Dataset items:
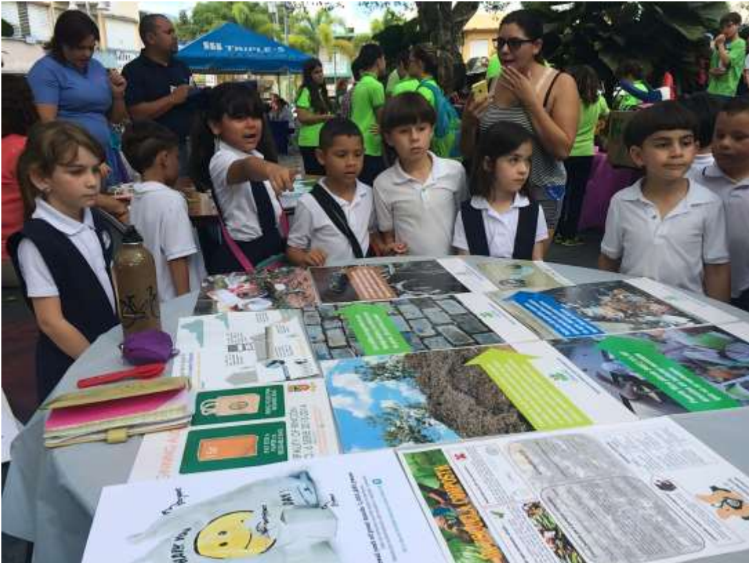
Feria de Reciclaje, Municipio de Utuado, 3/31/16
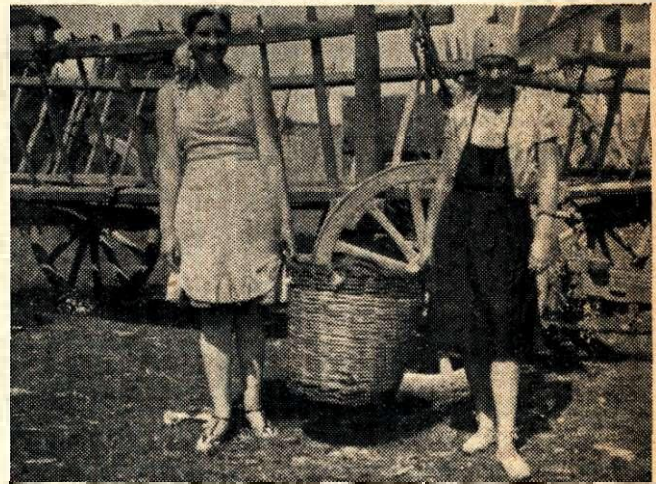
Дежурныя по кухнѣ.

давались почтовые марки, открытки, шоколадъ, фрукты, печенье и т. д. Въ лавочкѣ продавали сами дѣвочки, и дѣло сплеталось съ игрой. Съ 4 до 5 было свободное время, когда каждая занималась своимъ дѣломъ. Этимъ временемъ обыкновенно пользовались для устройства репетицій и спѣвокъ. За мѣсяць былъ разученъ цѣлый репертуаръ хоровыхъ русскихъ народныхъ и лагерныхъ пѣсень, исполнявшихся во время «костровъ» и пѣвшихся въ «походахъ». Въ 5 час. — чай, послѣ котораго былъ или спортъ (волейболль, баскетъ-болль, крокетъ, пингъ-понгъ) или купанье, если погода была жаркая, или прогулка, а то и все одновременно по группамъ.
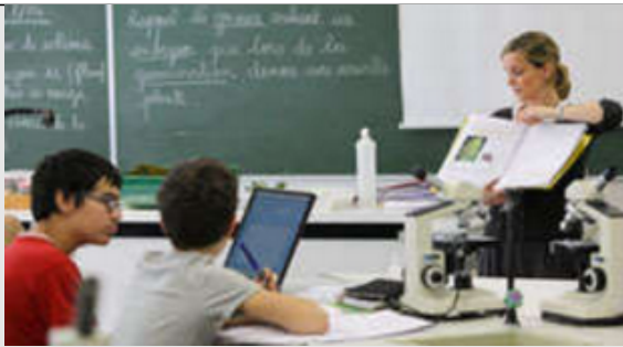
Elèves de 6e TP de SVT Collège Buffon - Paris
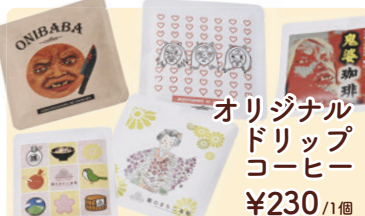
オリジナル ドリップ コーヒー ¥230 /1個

* * *

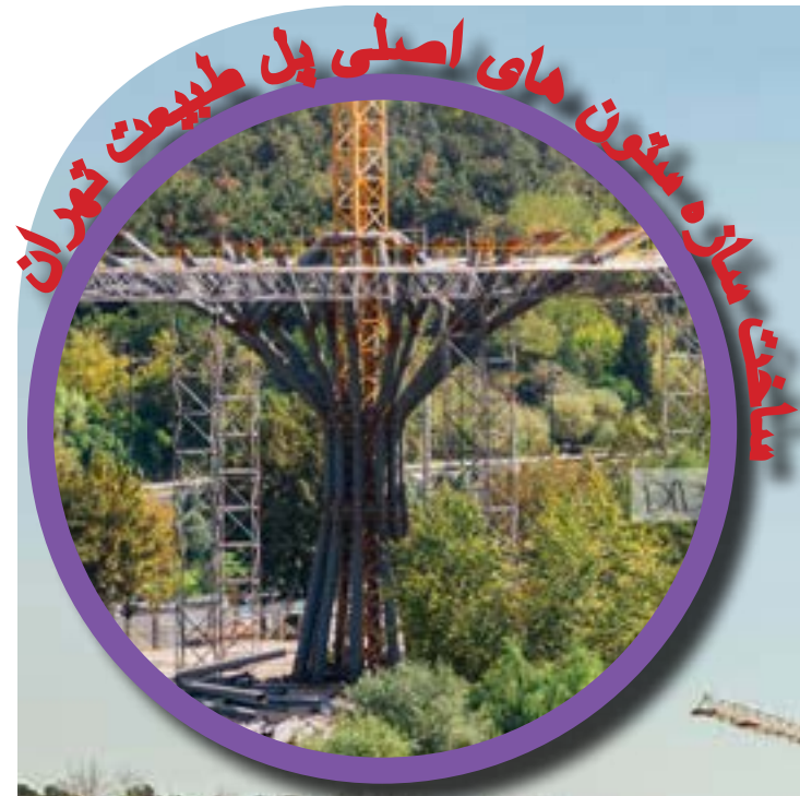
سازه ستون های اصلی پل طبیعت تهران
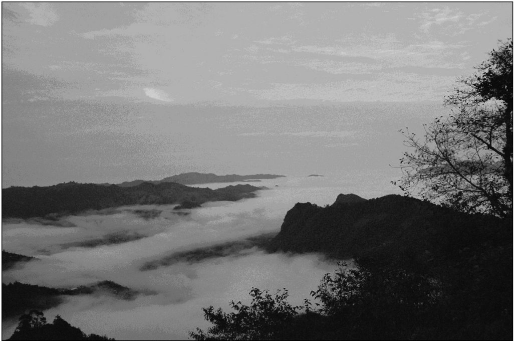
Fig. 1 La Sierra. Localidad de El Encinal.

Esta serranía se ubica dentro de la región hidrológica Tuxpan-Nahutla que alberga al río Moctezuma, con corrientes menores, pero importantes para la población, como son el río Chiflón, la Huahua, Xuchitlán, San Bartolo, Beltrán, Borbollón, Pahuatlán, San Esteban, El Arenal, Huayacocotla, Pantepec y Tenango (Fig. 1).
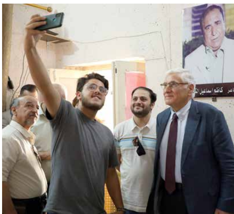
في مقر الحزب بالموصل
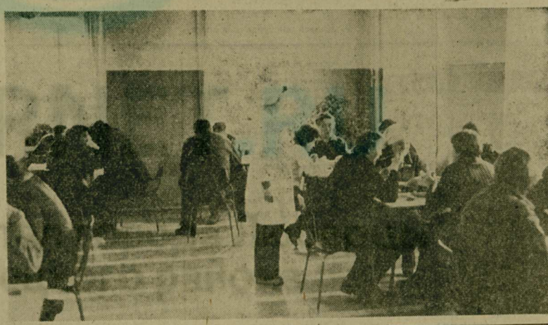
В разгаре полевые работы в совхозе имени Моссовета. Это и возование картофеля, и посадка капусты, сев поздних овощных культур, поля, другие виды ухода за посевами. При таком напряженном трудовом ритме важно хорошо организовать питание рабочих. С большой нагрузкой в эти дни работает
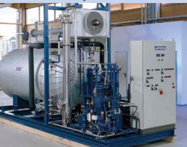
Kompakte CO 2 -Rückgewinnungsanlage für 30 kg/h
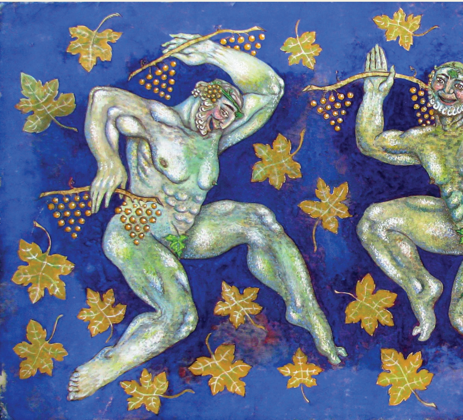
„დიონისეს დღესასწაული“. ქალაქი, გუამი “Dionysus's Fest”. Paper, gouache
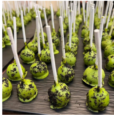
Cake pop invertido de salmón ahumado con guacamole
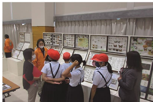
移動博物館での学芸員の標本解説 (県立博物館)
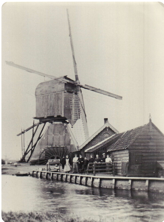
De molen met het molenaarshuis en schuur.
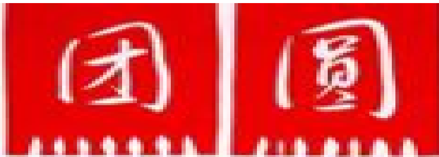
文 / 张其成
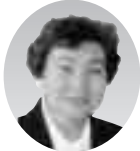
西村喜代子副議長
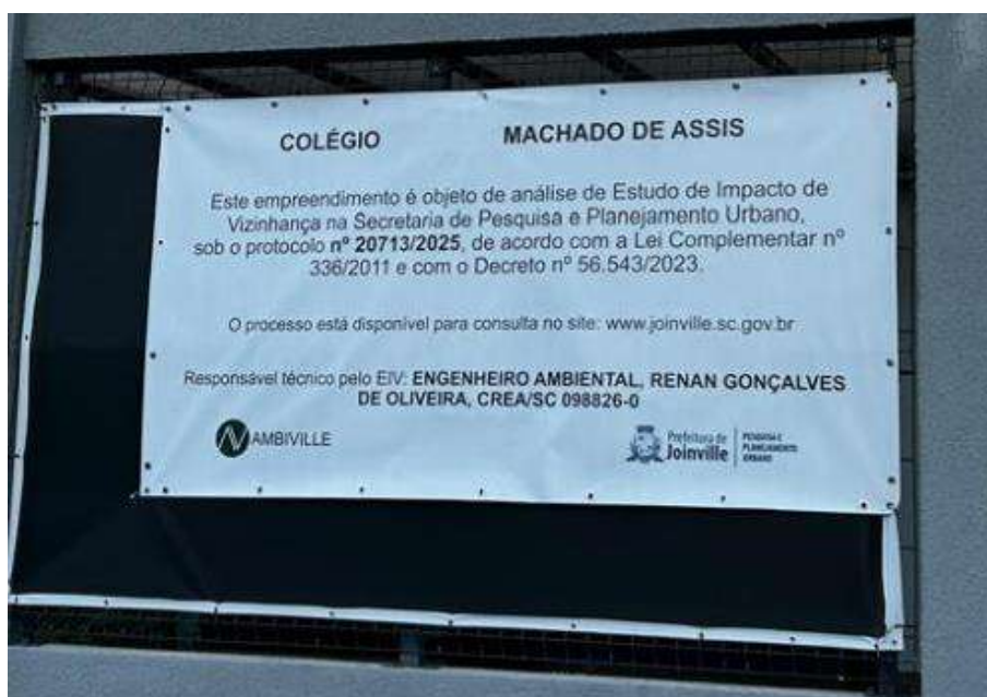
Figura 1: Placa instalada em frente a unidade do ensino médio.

==

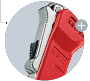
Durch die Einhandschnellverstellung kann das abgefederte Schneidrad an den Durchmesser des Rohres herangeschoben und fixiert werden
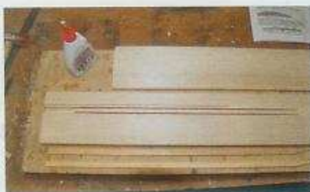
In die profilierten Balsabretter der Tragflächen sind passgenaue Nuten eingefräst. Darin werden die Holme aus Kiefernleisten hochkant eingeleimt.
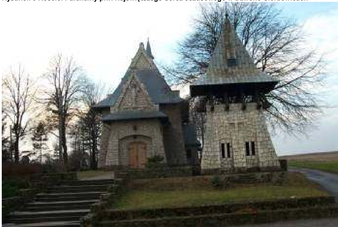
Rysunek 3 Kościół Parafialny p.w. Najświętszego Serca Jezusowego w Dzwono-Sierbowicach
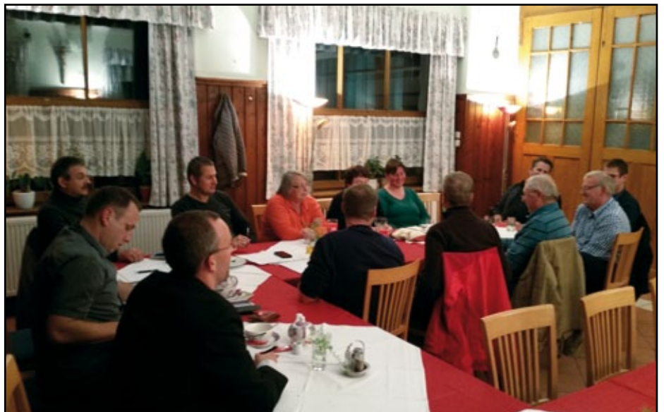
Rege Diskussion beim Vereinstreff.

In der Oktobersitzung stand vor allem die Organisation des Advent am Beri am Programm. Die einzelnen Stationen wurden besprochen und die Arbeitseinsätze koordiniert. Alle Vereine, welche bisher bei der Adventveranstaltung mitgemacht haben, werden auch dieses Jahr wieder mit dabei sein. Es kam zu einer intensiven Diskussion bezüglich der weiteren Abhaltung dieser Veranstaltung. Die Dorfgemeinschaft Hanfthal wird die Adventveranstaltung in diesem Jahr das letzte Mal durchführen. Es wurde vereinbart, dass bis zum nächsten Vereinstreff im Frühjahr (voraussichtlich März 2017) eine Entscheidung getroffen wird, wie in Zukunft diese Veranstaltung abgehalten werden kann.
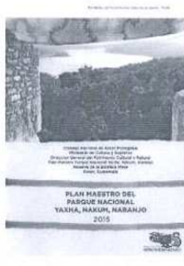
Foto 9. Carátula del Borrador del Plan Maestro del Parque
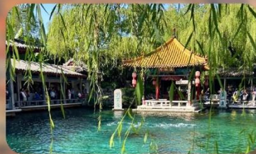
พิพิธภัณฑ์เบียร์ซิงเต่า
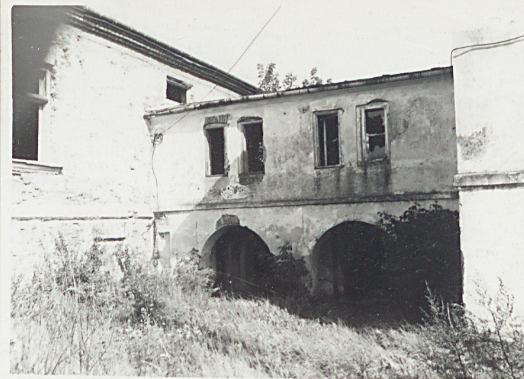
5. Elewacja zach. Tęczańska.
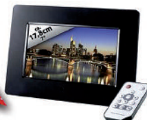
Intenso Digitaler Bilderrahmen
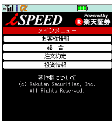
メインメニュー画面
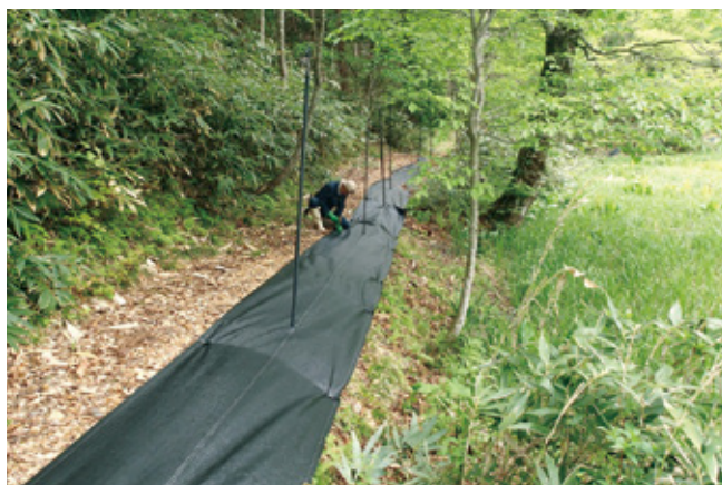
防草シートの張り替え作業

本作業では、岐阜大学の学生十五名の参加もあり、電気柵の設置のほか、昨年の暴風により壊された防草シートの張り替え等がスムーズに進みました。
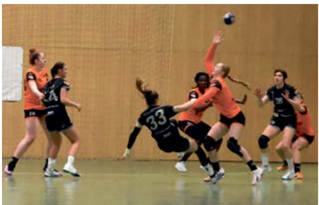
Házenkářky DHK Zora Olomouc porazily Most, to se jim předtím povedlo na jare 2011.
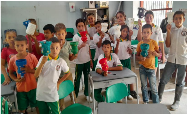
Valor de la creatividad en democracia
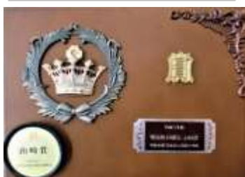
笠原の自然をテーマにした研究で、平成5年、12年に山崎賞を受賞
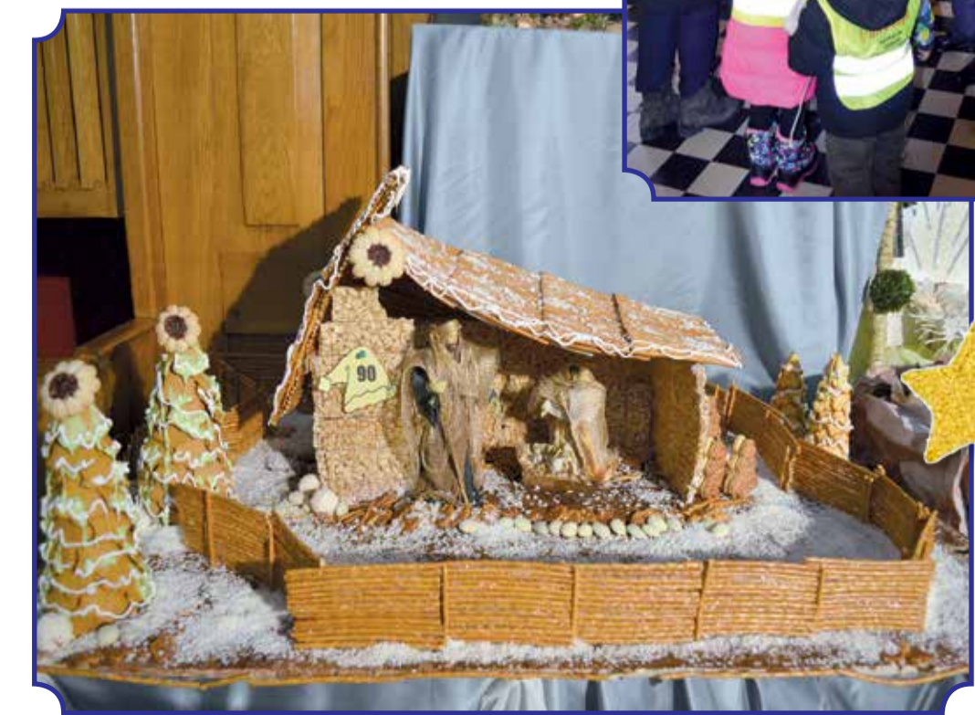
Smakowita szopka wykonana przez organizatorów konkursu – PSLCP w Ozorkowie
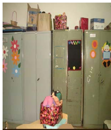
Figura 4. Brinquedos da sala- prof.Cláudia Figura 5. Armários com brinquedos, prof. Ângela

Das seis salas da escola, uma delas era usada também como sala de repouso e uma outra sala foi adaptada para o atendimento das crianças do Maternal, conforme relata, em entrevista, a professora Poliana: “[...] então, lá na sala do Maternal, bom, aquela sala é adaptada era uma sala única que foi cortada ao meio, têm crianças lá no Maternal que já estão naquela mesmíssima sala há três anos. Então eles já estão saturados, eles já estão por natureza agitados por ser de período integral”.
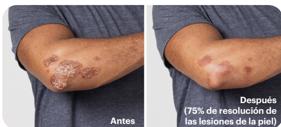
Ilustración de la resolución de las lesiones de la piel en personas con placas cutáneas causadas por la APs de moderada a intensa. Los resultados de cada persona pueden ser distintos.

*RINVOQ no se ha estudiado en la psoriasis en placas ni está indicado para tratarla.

- Directions: Could you repeat, exactly, only the lines above starting at the one that has "Feria de Reciclaje, Municipio" and stopping after the one that has "Дежурныя по кухнѣ.", without the pictures?

- Output for this exercise:
Feria de Reciclaje, Municipio de Utuado, 3/31/16
Дежурныя по кухнѣ.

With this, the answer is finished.